Vielen Dank für den Hinweis. Ist behoben


----------



## Feuerkatze (2. November 2010)

nope wohl nicht. Leider kann ich nicht so schöne Hinweise auf die Fehler geben. Aber wenn ich auf "weiter" klicke passiert gar nix bzw ich kriege in der Leiste unten den Hinweis auf Fehler auf der Seite. (Windoof 7 und der Internet Explodierer - Arbeitspc halt).


----------



## ZAM (2. November 2010)

Feuerkatze schrieb:


> nope wohl nicht. Leider kann ich nicht so schöne Hinweise auf die Fehler geben. Aber wenn ich auf "weiter" klicke passiert gar nix bzw ich kriege in der Leiste unten den Hinweis auf Fehler auf der Seite. (Windoof 7 und der Internet Explodierer - Arbeitspc halt).



Du könntest aber den Link hier posten bei dem das passiert.


----------



## Feuerkatze (2. November 2010)

bisher alle, die ich probiert habe.  

Abbrechen und Schliessen funktioniert.

zB in diesem Beitrag

oder hier

oder hier

oder wenn du nen direkten Link brauchst

versuchen wirs mit dem, das hat vorhin auch nicht geklappt 

ich bin also momentan quasi gezwungen, mir den Link direkt  zu kopieren und in die Adresszeile einzufügen.


----------



## ZAM (2. November 2010)

Sollte gleich wieder laufen.


----------



## Feuerkatze (2. November 2010)

jo tuts, vielen Dank für die schnelle Hilfe


----------



## archmitohren (22. November 2010)

Bei mir tritt dieses Problem seit heute auf. Nutze ebenfalls Opera und WinXP. Egal, welchen Link ich drücke, es kommt die Buffed verlassen Seite, dort kann ich lediglich Schließen und Abbrechen drücken. Weiter funktioniert nicht.

Desweiteren funktionieren in meinen Wegweiser zum Tankadin http://forum.buffed.de/index.php/topic/173609-wegweiser-tankadin-403/ keine Links mehr. Man kommt einfach auf die Buffed Hauptseite. Das ist natürlich bei der Anzahl der Links sehr ärgerlich, sollte ich die alle neu verlinken müssen. Kann man das irgendwie beheben?

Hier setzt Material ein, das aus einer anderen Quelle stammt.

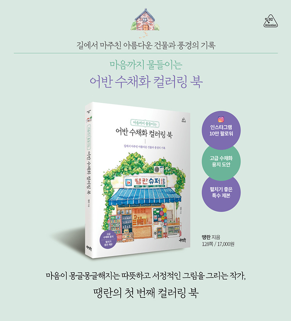 This watercolor coloring book captures the charm of ordinary yet heartwarming urban scenes. Known for her delicate and emotional style, Ttaengran presents her first coloring collection featuring some of her most beloved works from Instagram as well as previously unreleased illustrations.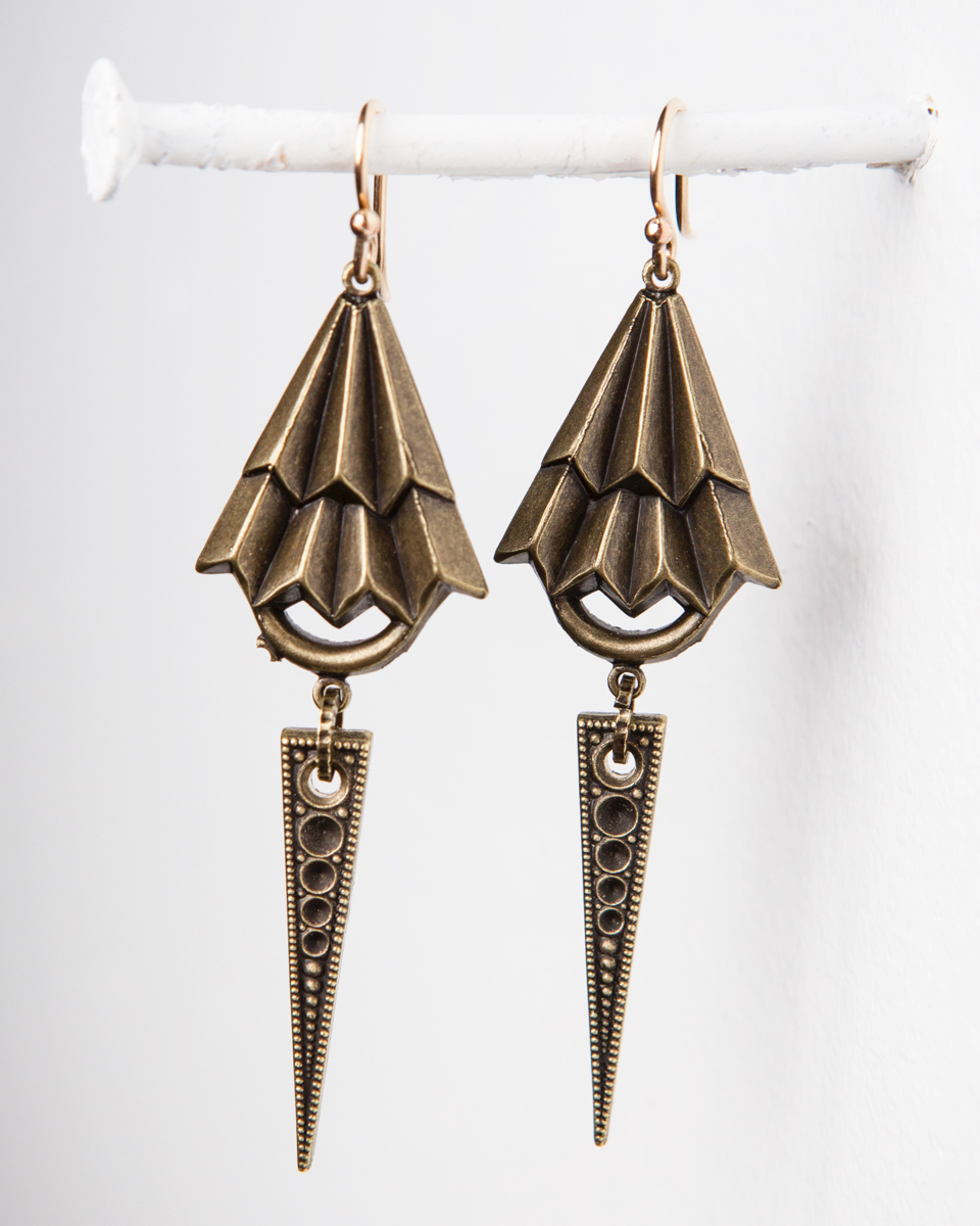 Deco Finding / Bronze Spike / 2 3/4" Length / 14kt. G.F. French Wires

Viele Grüße und vielen Dank


----------



## kaepteniglo (22. November 2010)

Wie im Thread zum neuen Design vor kurzem geschrieben wurde, wurde das Problem gefixt.


----------



## ZAM (22. November 2010)

kaepteniglo schrieb:


> Wie im Thread zum neuen Design vor kurzem geschrieben wurde, wurde das Problem gefixt.



Der "Weiter"-Button war nicht klickbar - läuft jetzt aber wieder.


----------